DH and myself decided now would be the right time to encourage independence.

Anyway what do you think? Do you feel judged over your parenting decisions. Does anyone let their child walk home and be home alone for an hour or so?

OP posts:
BiByeBaby · 12/09/2019 22:04

Yes and have done since year 6. DD is happy with it. She has a phone if any drama. I always leave food that she can cook or a sandwich etc. She likes the independence. Also what else are you meant to do as there is no childcare for Year 7 around here and parents have to work.

Ignore them

ghostmouse · 12/09/2019 22:05

My dd is 12 and has been doing this since the start of year 7. I work half eight till 5 and am not home till 5.20.

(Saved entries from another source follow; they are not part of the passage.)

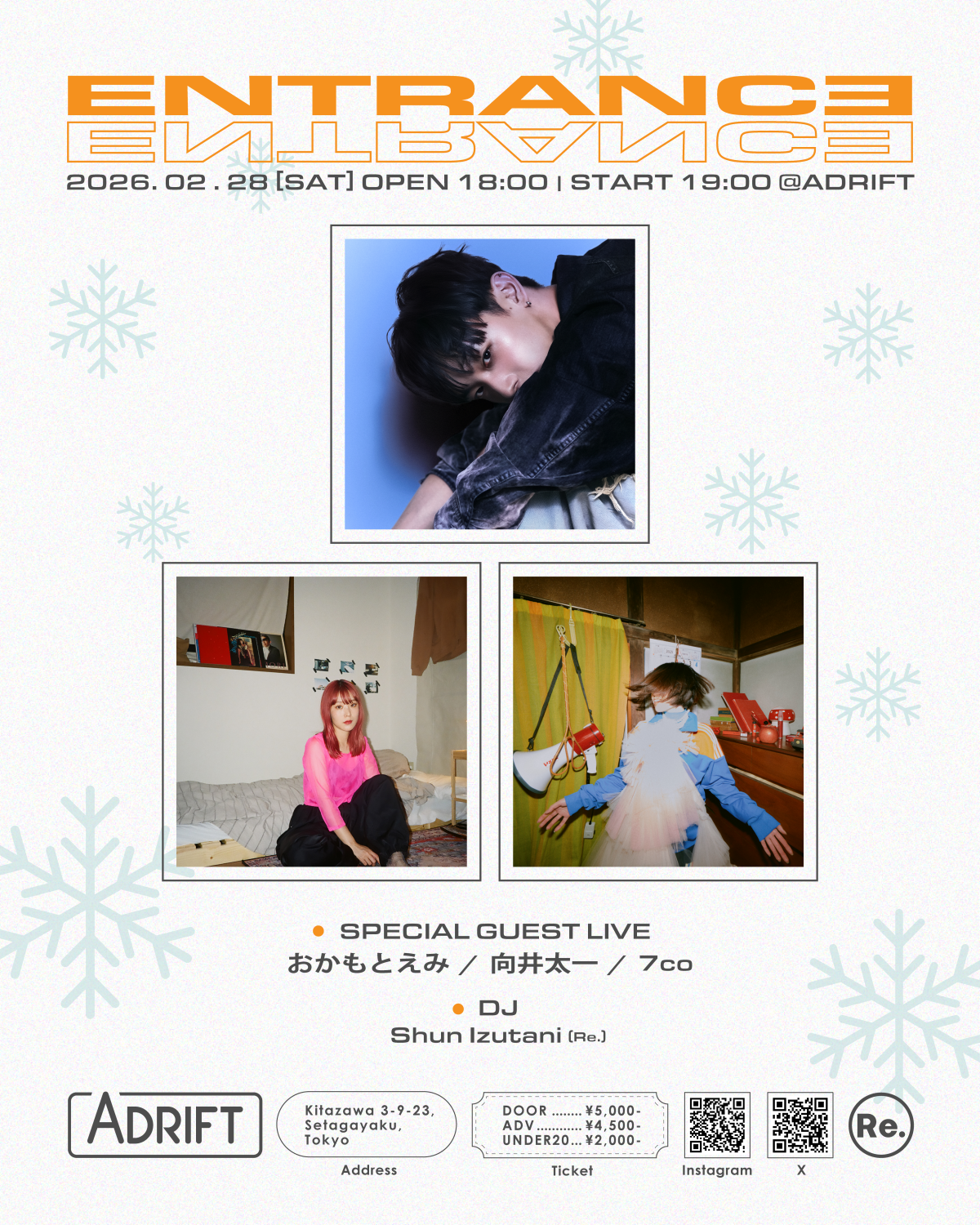 前回大反響を呼んだ「ENTRANCE」の第5回が、2月28日(土)下北沢ADRIFTにて開催決定!
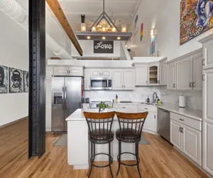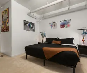 At 1,740 sq ft, this spacious 2-bedroom, 2-bath loft from Elevated Furnished Rentals blends modern comfort, artistic inspiration, and unbeatable walkability, making it perfect for business travelers, convention guests, remote workers, creatives, and extended stays.
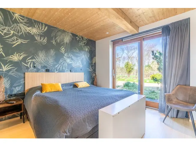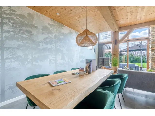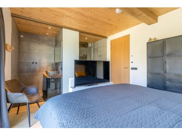 Via de brede openslaande deuren in de woonkamer bereik je het ruime, op het zuiden gelegen terras. Hier vind je comfortabele tuinmeubelen, waaronder een loungeset en twee ligbedden. Ook is er een buitenkeuken met een Big Green Egg en een houtgestookte hottub, ideaal om optimaal te genieten van het buitenleven.
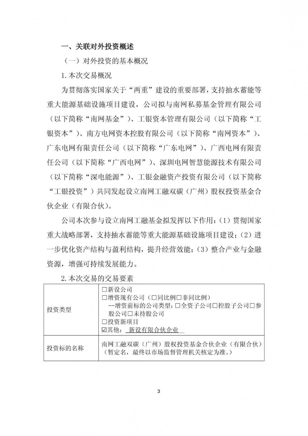 近日,南网储能发布公告称,为贯彻落实国家关于“两重”建设的重要部署,支持抽水蓄能等重大能源基础设施项目建设,公司拟与南网私募基金管理有限公司、工银资本管理有限公司、南方电网资本控股有限公司、广东电网有限责任公司、广西电网有限责任公司、深圳电网智慧能源技术有限公司、工银金融资产投资有限公司共同发起设立南网工融双碳(广州)股权投资基金合伙企业(有限合伙)。
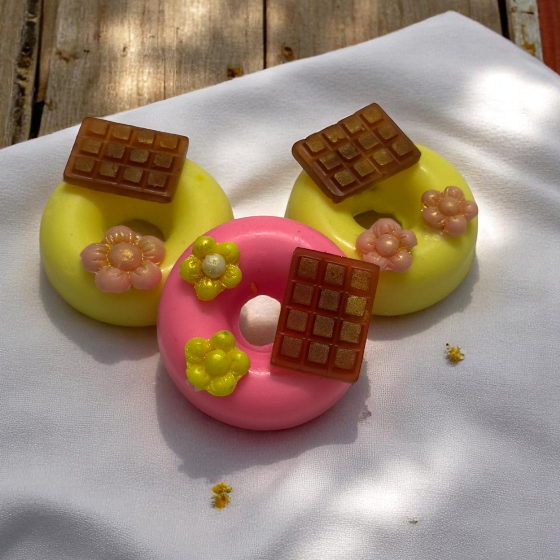 Bring a touch of charm and playfulness to your bath routine with our handcrafted Donut Soaps! Designed to look like delicious donuts topped with mini chocolate bars and floral decorations, these soaps are a feast for the eyes and a treat for the skin. Each piece is lovingly made with skin-friendly ingredients, making it perfect for gifting or indulging in a little self-care.
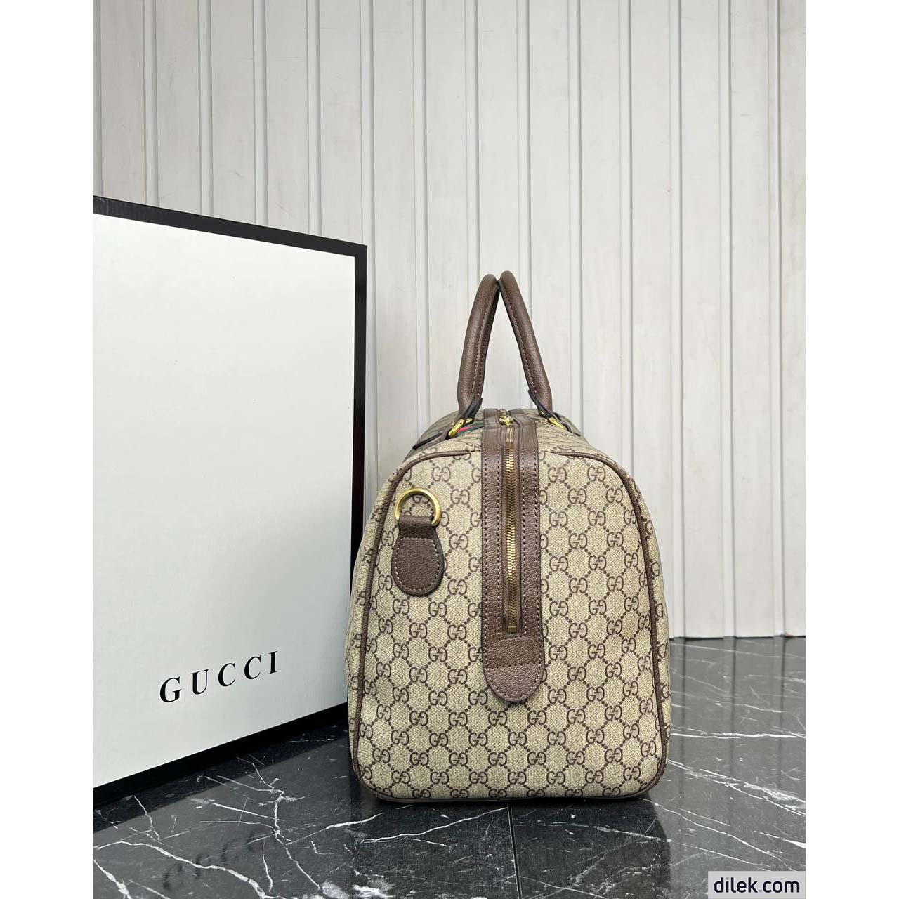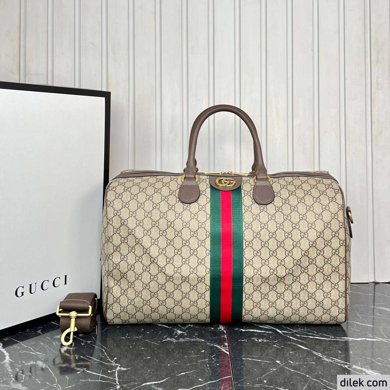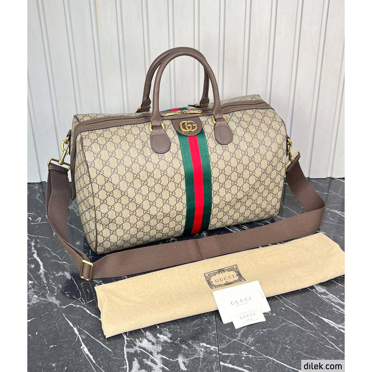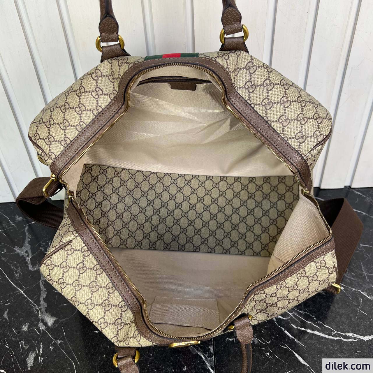 The Gucci colour palette is constantly evolving to include more refined hues. New colourways and combinations result in the reinvention of signature styles with a contemporary feel. This Ophidia duffle bag appears in an elegant grey and black variation of the GG Supreme canvas, complete with a palladium-toned Double G hardware.
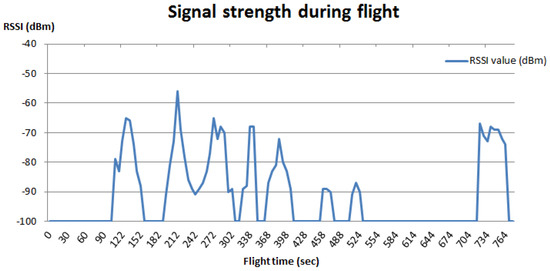 To illustrate how data collection may be used for educational purposes, a student assignment could be to conduct a test of the accuracy by which the Bluetooth sensor locates a beacon on the ground (cf. Figure 2). The students would then be asked to place two beacons somewhere on a field and collect data from e.g. a 2 m altitude. First, students should make a graph of signal strengths (i.e., RSSI-values) from their test flight (cf. Figure 7). The next assignment could then be to compare these results with recordings made when flying at, for example, 10 m, to conduct low-pass filtering of the raw data [33], and, finally, to depict the relation between true distance to the beacons and the RSSI-values.
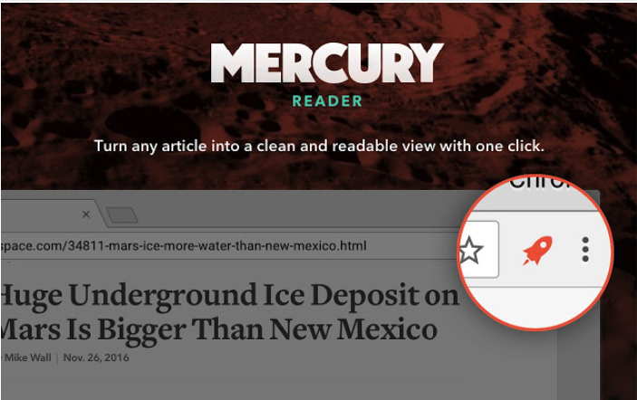 ‘The Mercury Reader extension for Chrome removes ads and distractions, leaving only text and images for a clean and consistent reading view on every site.’
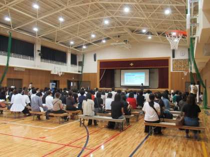 今日の6限は進路講演がありました。桃山高校の先生が講演にきてくださり、公立高校や私立高校の違いなどをお話してくださいました。
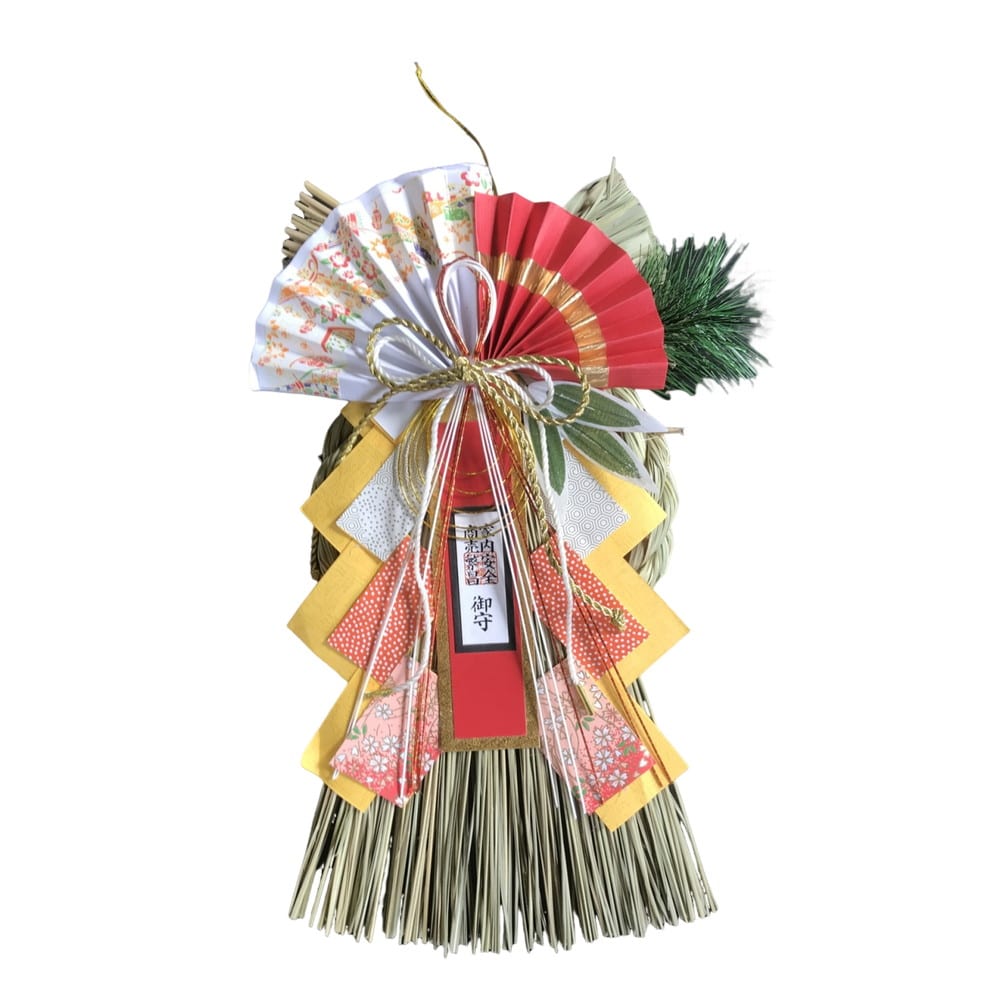 ●当商品は、素材同士の結合部分に針金(地巻線)を使用しております。商品加工時には充分注意しておりますが、パッケージから取り出し、飾付けの際には手や指に当り、怪我をする恐れがありますのでご注意ください。●燃えやすい素材を使用していますので、火気から2メートル以上離した場所に飾るようにしてください。●車のエンジンルームや機械類などの高温になるような場所には飾らないでください。●自動車、オートバイ、自転車などの車輪に引っかかるような場所には飾らないようにしてください。●多湿な場所での長期保管はカビや虫の発生をまねきます。ご注意ください。●水に濡れると色落ちする場合がありますのでご注意ください。●どんど焼きの際にはプラスティック、針金を外してからお出しください。●吸盤は付きにくい場合があります。付きにくい場合は内側を水にぬらすか、暖めてから中の空気を抜くようにして取り付けてください。

Dd is on her own for anything up to an hour and a half depending on when her 17 year old sister gets in.

Don't worry about it. If your dd is sensible and you have a few rules in place like cooking which I do..my dd is a bit clumsy with the toaster..then all well and good.

You know your child and don't feel guilty.

Oh and I've left mine on an inset day by herself, had no choice but she was fine

Cat0115 · 12/09/2019 22:06

Same here. DS got himself out of the door at 8 every morning and walked to school. I'd long gone with dd by 7 a.m. Then back at 4 and alone u til 6. I work an hour away. We have good neighbours and granny and two uncles are a 15 min drive away. He makes easy meals of tinned soup and toast or scrambled egg and is fine about it. Tell your colleagues to butt out!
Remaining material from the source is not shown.